I've written about the HHP before.  After spending three years with the competition, the winners were announced at Health Datapalooza just a few days ago.  Prior to the announcement, the teams had been ranked based on a 30% sample of the final data, so it was of some interest to see what happened to the scores against the full 100%.  For one thing, I personally dropped from 80th place to 111th, and the winners of the $500,000 prize jumped from 4th place to take the prize... not an unheard of jump, but given the apparent lead of the top 3 teams it was somewhat unexpected.  The results were published on the HHP site, but I scraped them manually into a .csv format for a little simpler manipulation.  An Excel file with the raw and manipulated data is attached here:  HHP Final Standings for convenience.

A decent visualization for this before-and-after style information is the slopegraph.    Here's an example:

The top 50 teams from the pre-announcement list, and the top 50 teams from the final standings are shown (a total of 74 teams due to teams moving into or out of the top 50).  Lower scores are better, so the first place teams are at the bottom.  You notice a few things quickly from this chart.  First, the first three teams from the public leaderboard (the 30% dataset), had scores that dropped significantly, allowing the fourth place team to overtake them on the right (100% dataset).  It's possible this is due to "overtraining"... where, through hundreds of test submissions, scores are artificially inflated by making improvements customized to the 30% and losing generality in the process.  There's no guarantees that's what happened here, but it's a reasonable possibility.

The other blatant result is the upward slope of practically every entry.  This would be expected if everyone overtrained in some way, but it could also be due to some data bias between the 30% and 70% that made the held-back data harder to predict.  To get a bit more of an idea, we expand the list to include the top 500 teams on each side in the same manner:

I could have fixed the upper and lower y-axis, but I chose not to.  You still see that the upward trend holds pretty consistently.  There appear to be two different typical slopes, one steeper than the other, but I haven't gone to any lengths to prove that mathematically.  Alas, I seem to be in the steeper slope, which means I lost more ground than those in the shallower slope, thus my 30+ position drop.

One last interesting tidbit:  while in the first graph it appears that the overall range of scores is reduced (the left side of the graph is much taller than the right side), that trend is far less pronounced in the second chart.  This is a good example of the risk of limiting the analysis to only the top 50 scores, and how the obvious outliers (the top 3 public-scores) can alter a chart's perception.  Then again, some reduction was necessary.  For completeness and comparison, here is the completely unfiltered chart:

Obviously this paints a very flat and oddly distributed picture.  The range of outliers at the top (the very bad entries, probably made by teams just experimenting and making single near-random entries), causes the important detail near the peloton to squish down to be difficult to discern.

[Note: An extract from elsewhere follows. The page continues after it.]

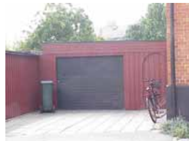
PEHRSSON 10 B från NO

fastighet: PEHRSSON 10, hus B. adress: Skolgatan 23. ålder: arkitekt / byggm: användning: Garage, förråd. antal våningar: 1 sockel: väggar: Röd lockpanel. tak: Platt tak, svart trapetsplåt. detaljer: Svart garageport i plåt med mönster av liggande panel. Röd dörr av stående panel.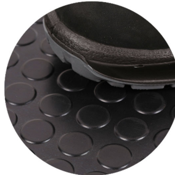
G1304 Flachnoppenmatte schwarz

So, a quick little chart analysis that led to some interesting insights.  For those that are interested, here's the R code for the top-50 chart (which is easy to modify to produce the others):

hhp <- read.csv("HHP Final Standings Sparkline Source.csv")

hhp$Team.Name. <- gsub("[^[:alnum:]///' ]", "", hhp$Team.Name.)
hhp$left <- 1
hhp$right <- 2
hhp$rank <- rank(hhp$Final.Score)
hhp$prerank <- rank(hhp$Public.Score)
xrange=c(.5,1.5)
yrange=range(c(hhp[hhp$rank<=50|hhp$prerank<=50,]$Public.Score,hhp[hhp$rank<=50|hhp$prerank<=50,]$Final.Score))

png(file="hhp_slopegraph_full.png",width=6,height=6,units="in",res=600)

palette(grey(0:75/75))

with(hhp[hhp$rank<=50|hhp$prerank<=50,],
{
 xrange=c(.75,2.25)
 yrange=range(c(Public.Score,Final.Score))
 plot( xrange, yrange,type="n", ylab="score", xaxt="n", xlab="" )
 grid()
 axis(1,at=1:2,labels=c("public","final"))
 segments(left, Public.Score, right, Final.Score,
 col=rank)
})
dev.off()